PSST! Prosodic Speech Segmentation with Transformers
Nathan Roll, Calbert Graham, Simon Todd
TL;DR
PSST addresses automatic segmentation of intonation units in American English by re-purposing a pretrained STT transformer (Whisper) through low-frequency token retokenization. The method finetunes Whisper on IU boundaries and compares syntax-aware and lexical baselines, demonstrating strong in-distribution performance with $F1=0.87$ and $Acc=0.96$, and reasonable out-of-distribution results on IViE with $F1=0.73$ and $Acc=0.93$. The study shows that limited labeled data plus targeted signal reduction can yield state-of-the-art IU segmentation without enterprise-scale compute, and that prosody-syntax interplay underlies boundary decisions. These findings offer a practical baseline for prosodic segmentation and suggest avenues for extending transformer models to more nuanced prosodic phenomena.
Abstract
Self-attention mechanisms have enabled transformers to achieve superhuman-level performance on many speech-to-text (STT) tasks, yet the challenge of automatic prosodic segmentation has remained unsolved. In this paper we finetune Whisper, a pretrained STT model, to annotate intonation unit (IU) boundaries by repurposing low-frequency tokens.

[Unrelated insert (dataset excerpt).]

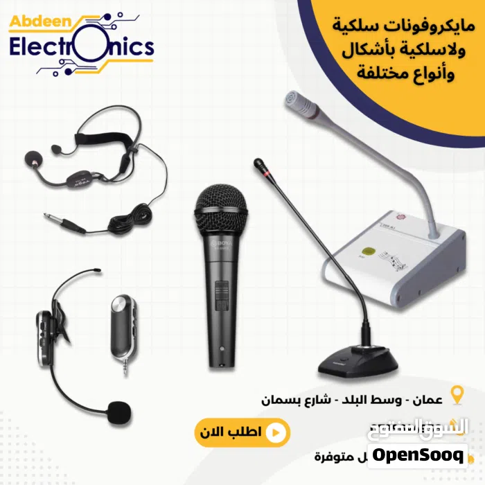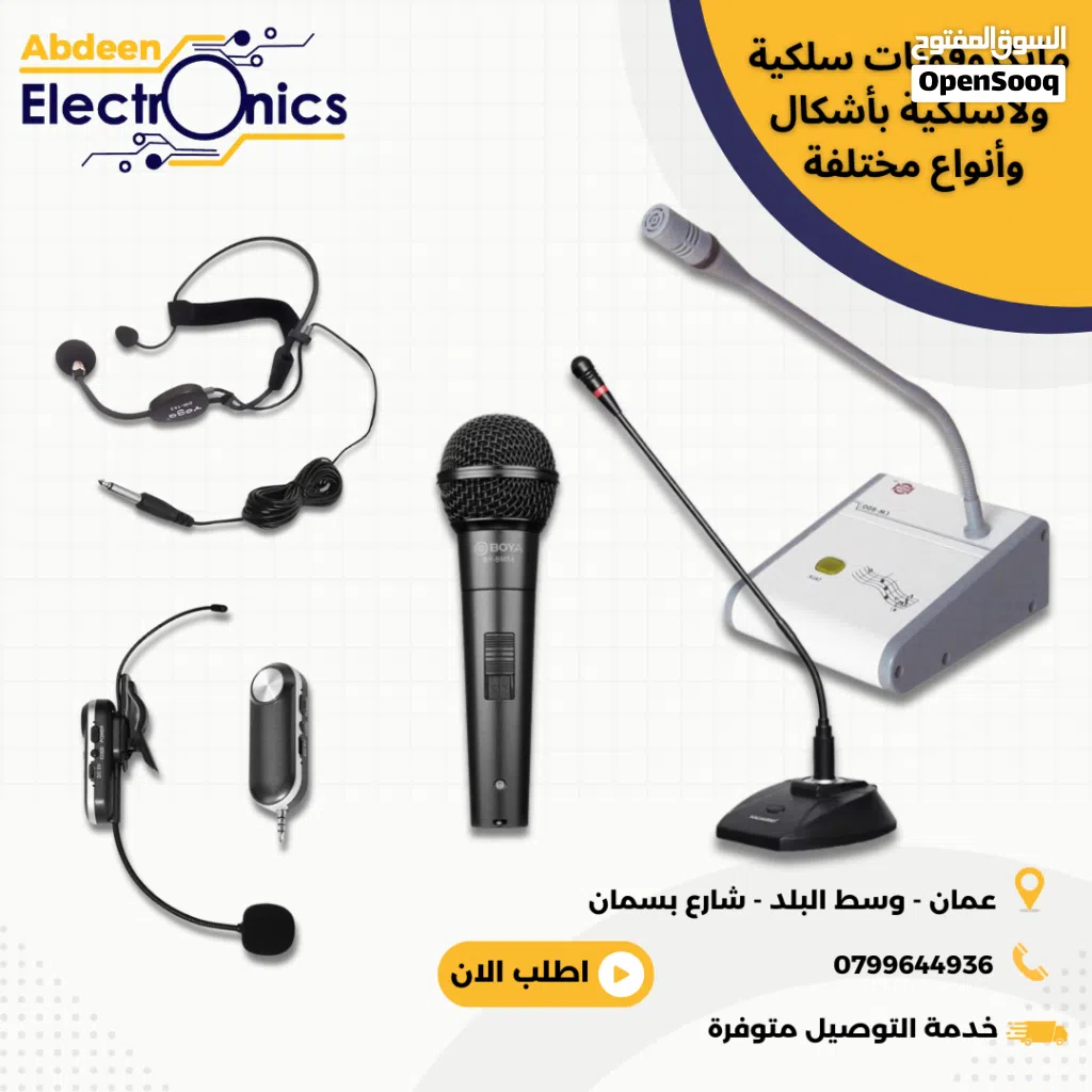 يتوفر لدينا جميع ما يلزم من معدات الصوت (سماعات . مكبرات الصوت . ميكرفونات .ساعات مساجد وساعات رقمية ) وجميع الاكسسوارات للصوت

Our approach achieves an accuracy of 95.8%, outperforming previous methods without the need for large-scale labeled data or enterprise grade compute resources. We also diminish input signals by applying a series of filters, finding that low pass filters at a 3.2 kHz level improve segmentation performance in out of sample and out of distribution contexts. We release our model as both a transcription tool and a baseline for further improvements in prosodic segmentation.